U.N. figures to be released in September are expected to show that Afghanistan's poppy production has risen up to 15 percent since 2006 and that the country now accounts for 95 percent of the world's crop, 3 percentage points more than last year, officials familiar with preliminary statistics told The Associated Press.
But counterdrug proposals by some U.S. officials have met fierce resistance, including boosting the amount of forcible poppy field destruction in provinces that grow the most, officials said. The approach also would link millions of dollars in development aid to benchmarks on eradication; arrests and prosecutions of narcotraders, corrupt officials; and on alternative crop production.
Those ideas represent what proponents call an "enhanced carrot-and-stick approach" to supplement existing anti-drug efforts. They are the focus of the new $475 million program outlined in a 995-page report, the release of which has been postponed twice and may be again delayed due to disagreements, officials said.
The officials spoke on condition of anonymity because parts of the report remain classified.

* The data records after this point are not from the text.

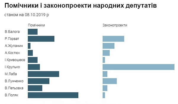 У той же час усі закарпатські депутати, крім В.Балоги, вже встигли скористатися своїм правом законодавчої ініціативи і подали законопроекти. Найменше їх – по одному – у В.Поляка та І.Кривошеєва. А найбільше – аж 30 – співавтором яких зазначений Іван Крулько. Другий та третій за продуктивністю – Р.Горват та В.Лунченко, в яких 9 та 6 законопроектів відповідно.
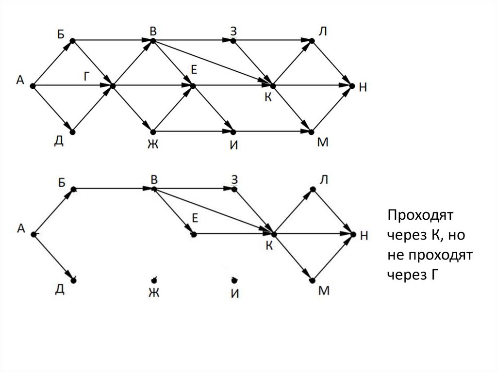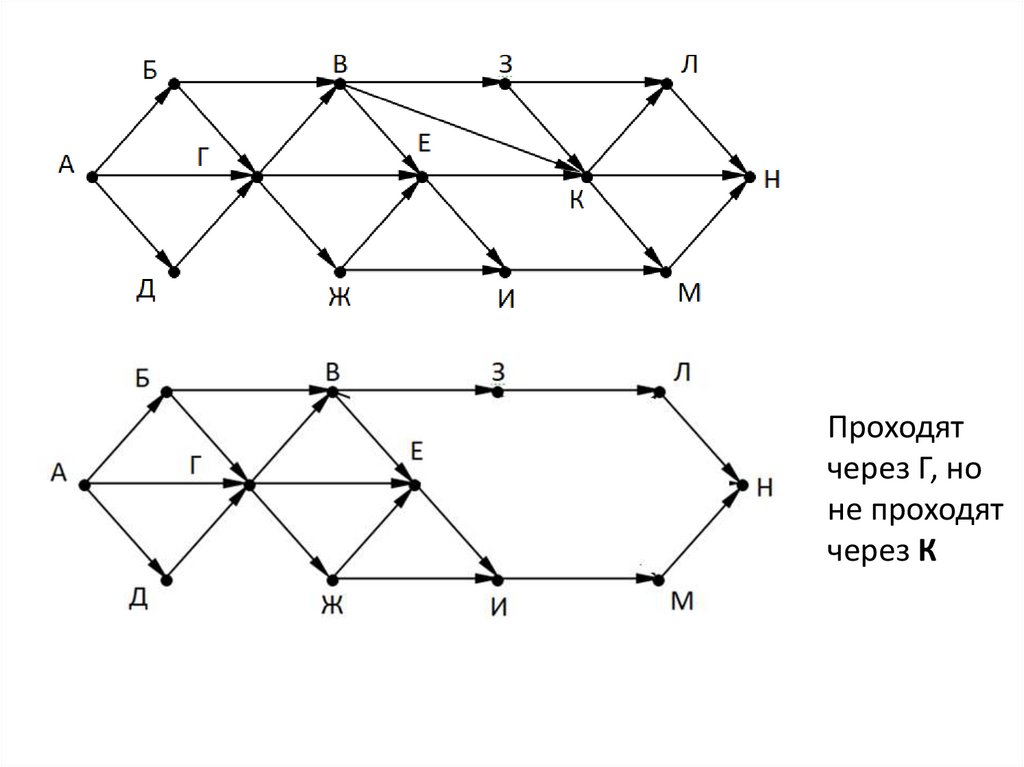 Потом пути, которые идут через К, но не проходят через Г.
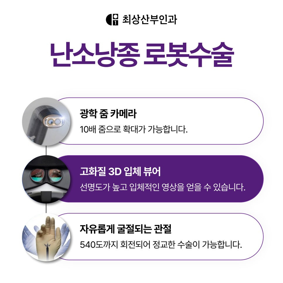강남에 위치한 저희 최상산부인과에서 시행하는 로봇수술은 기존의 복강경 수술에 비해 보다 정밀하고, 작은 절개를 통해 진행될 수 있어요. 이 덕분에 수술 후 회복이 빠르고, 통증이 적어 일상생활로의 복귀가 비교적 빠른 편이죠.
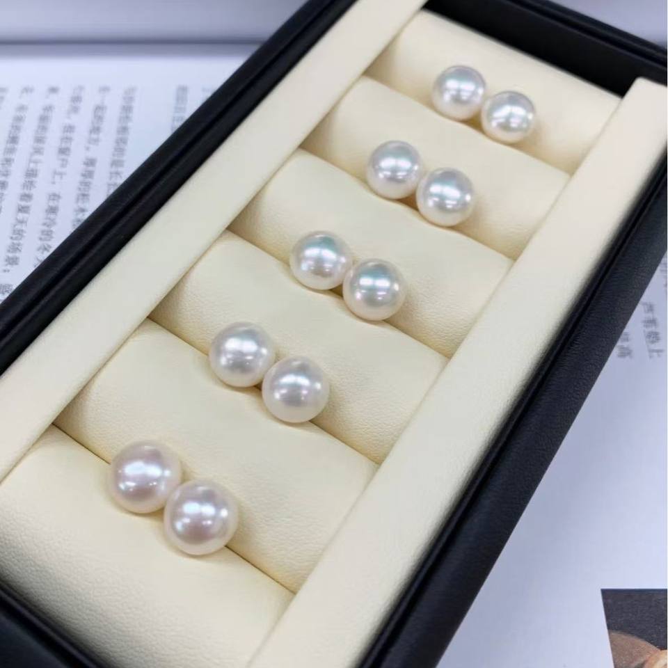 Zhuji Natural Freshwater Pearl Earrings 4-10mm Mantou Vegetables with Daily S925 Sterling Silver Daily Use by Ding Qiangguang

Counternarcotics agents at the State Department had wanted to release a 123-page summary of the strategy last month and then again last week, but were forced to hold off because of concerns it may not be feasible, the officials said.
Now, even as Bush sees Karzai on Sunday and Monday at the presidential retreat in Camp David, Md., a tentative release date of Aug. 9, timed to follow the meetings, appears in jeopardy. Some in the administration, along with NATO allies Britain and Canada, seek revisions that could delay it until at least Aug. 13, the officials said.
The program represents a 13 percent increase over the $420 million in U.S. counternarcotics aid to Afghanistan last year. It would adopt a bold new approach to "coercive eradication" and set out criteria for local officials to receive development assistance based on their cooperation, the officials said.
Although the existing aid, supplemented mainly by Britain and Canada and supported by the NATO force in Afghanistan, has achieved some results — notably an expected rise in the number of "poppy-free" provinces from six to at least 12 and possibly 16, mainly in the north — production elsewhere has soared, they said.
"Afghanistan is providing close to 95 percent of the world's heroin," the State Department's top counternarcotics official, Tom Schweich, said at a recent conference. "That makes it almost a sole-source supplier" and presents a situation "unique in world history."
Almost all the heroin from Afghanistan makes its way to Europe; most of the heroin in the U.S. comes from Latin America.